The joke used to be that in comics, only three major
characters ever stayed dead: Uncle Ben, Bucky and Jason Todd (Robin). Now that
Bucky is back in action as the Winter Soldier and Todd is doing whatever he’s
doing at DC, Peter Parker’s late Uncle Ben is one of the few who can’t pass
through Marvel’s revolving door of death.
Despite Marvel’s reputation for constant resurrections, I
highly doubt Uncle Ben will ever be resurrected in any way. His death is just
too integral to Spider-Man’s origin, which I think is Marvel’s most powerful
superhero origin. The saying “With great power comes great responsibility”
rings as true as it did in 1962 and is the purest distillation of what it means
to be a hero. Bringing back Ben would invalidate that and be really cheap. They
did kill off Aunt May at one point in a non-sensational, affecting story but
then brought her back, which was pretty cheap.

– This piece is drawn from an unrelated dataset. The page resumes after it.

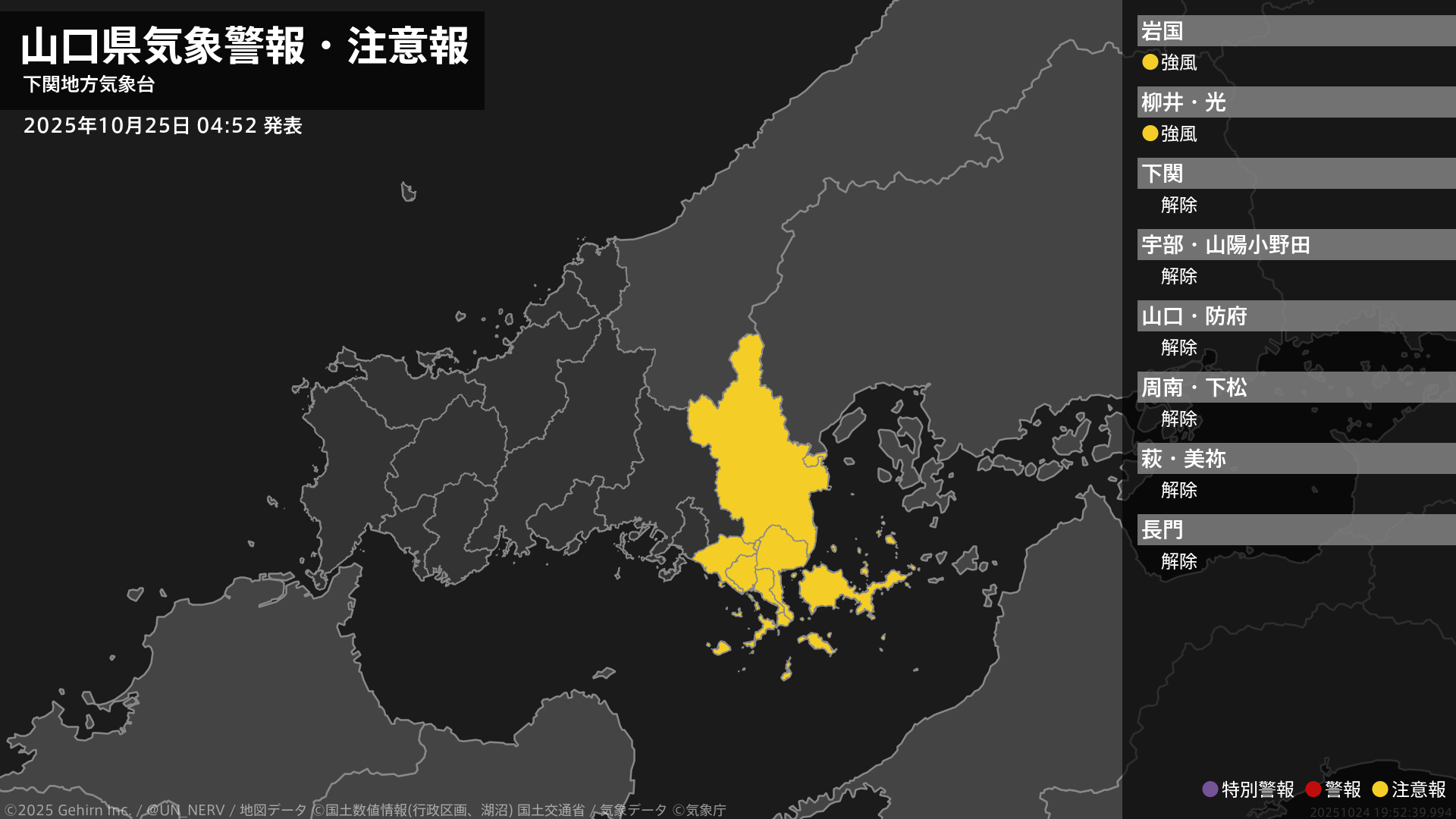 【山口県 気象警報・注意報 2025年10月25日 04:52】東部では、25日昼前まで強風に注意してください。#気象警報注意報 #山口県

There is another Spider-Man character who died and never
really came back: Gwen Stacy. In 1973, the Green Goblin threw her off the
Brooklyn Bridge (or George Washington Bridge; it’s disputed) and as Spider-Man
spun out a web to catch her, Gwen’s neck snapped from the angle and physics of
the fall. That one sound effect “snap” is credited as the symbolic transition
from the goofy Silver Age to the more realistic Bronze Age. Prior to this
story, it was very rare for a main character to die and this was a wake-up
call. The death was too monumental to bring Gwen back and aside from a few
alternate future stories, she has stayed dead. Norman Osborne, the original
Green Goblin, also died in this story to come back decades later, which was
stupid.
Poor Peter Parker. He has more motivational guilt in the
form of dead characters than anybody else.
The original Captain Marvel, the Kree warrior Mar-Vell, is
dead and staying dead. He died of cancer in the early ‘80s and maybe Marvel
thinks it would be too insensitive to real-world people with cancer to blithely
resurrect him. The Captain Marvel name has lived on, first through the Avenger
Monica Rambeau and now through Carol Danvers, the former Ms. Marvel. Marvel
Comics legally has to constantly publish a character named Captain Marvel or
the rights to use the name for a series will revert to DC’s Captain Marvel, who
can now only appear in comics titled Shazam
and not his character’s name.
James “Bucky” Barnes had been dead for many decades after he
was injured in the explosion that sent Captain America into suspended animation
during World War II. His resurrection as Russian assassin the Winter Soldier
was very well done and didn’t seem like a cheat. The revelation that despite
his harmless façade, teen Bucky was a killer who did the dirty work during the
war, was compelling.
Who else died and came back? Phoenix, twice. Same for Wonder
Man: He died after his first appearance, returned years later as a zombie (or
“zuvembie” because Marvel in the ‘70s was still forbidden from using the term
zombie as a legacy of the backlash against the horror comics of the ‘50s),
regained his personality, served as an Avenger, was seemingly killed and then
the Scarlet Witch resurrected him. The Thing died but the Fantastic Four went
to Heaven to bring him back (Jack Kirby played God). Pretty much the whole
Alpha Flight team died and returned. Elektra had a very memorable death in Daredevil, appeared in the trippy
masterpiece Elektra: Assassin miniseries
in the ‘80s and is now alive again in the present. Nightcrawler died but is
back now after making some sort of deal in the afterlife. Hell, all the X-Men
died in 1987 but got resurrected immediately by some cosmic gatekeeper. That
list doesn’t even count the heroes who were presumed dead but actually missing,
like Captain America, the Wasp, Karma, the Human Torch, etc.
Around 2000, the editors at Marvel issued an edict that
death would be permanent in the Marvel Universe so heroic sacrifices would have
more meaning. The X-Men then killed off Colossus, who chose to sacrifice his
life to cure the Legacy Virus, a mutant analogue for AIDS. (His sister, Illyana
Rasputin, had already died of the disease after being reduced from teenager to
infant. She has since returned to her former teenage self — loooooonnnggg story
— meaning all three Rasputin siblings have died and returned). The edict didn’t
last too long and death became a revolving door again. I’m not sure what I
think of this policy but it did lead to a fantastic scene where Kitty Pryde
discovered a resurrected Colossus as bullets phased through her body and
bounced off his metal chest.
So in the Marvel Universe, there’s no point buying a nice
head stone. Just wait a bit and they’ll be back.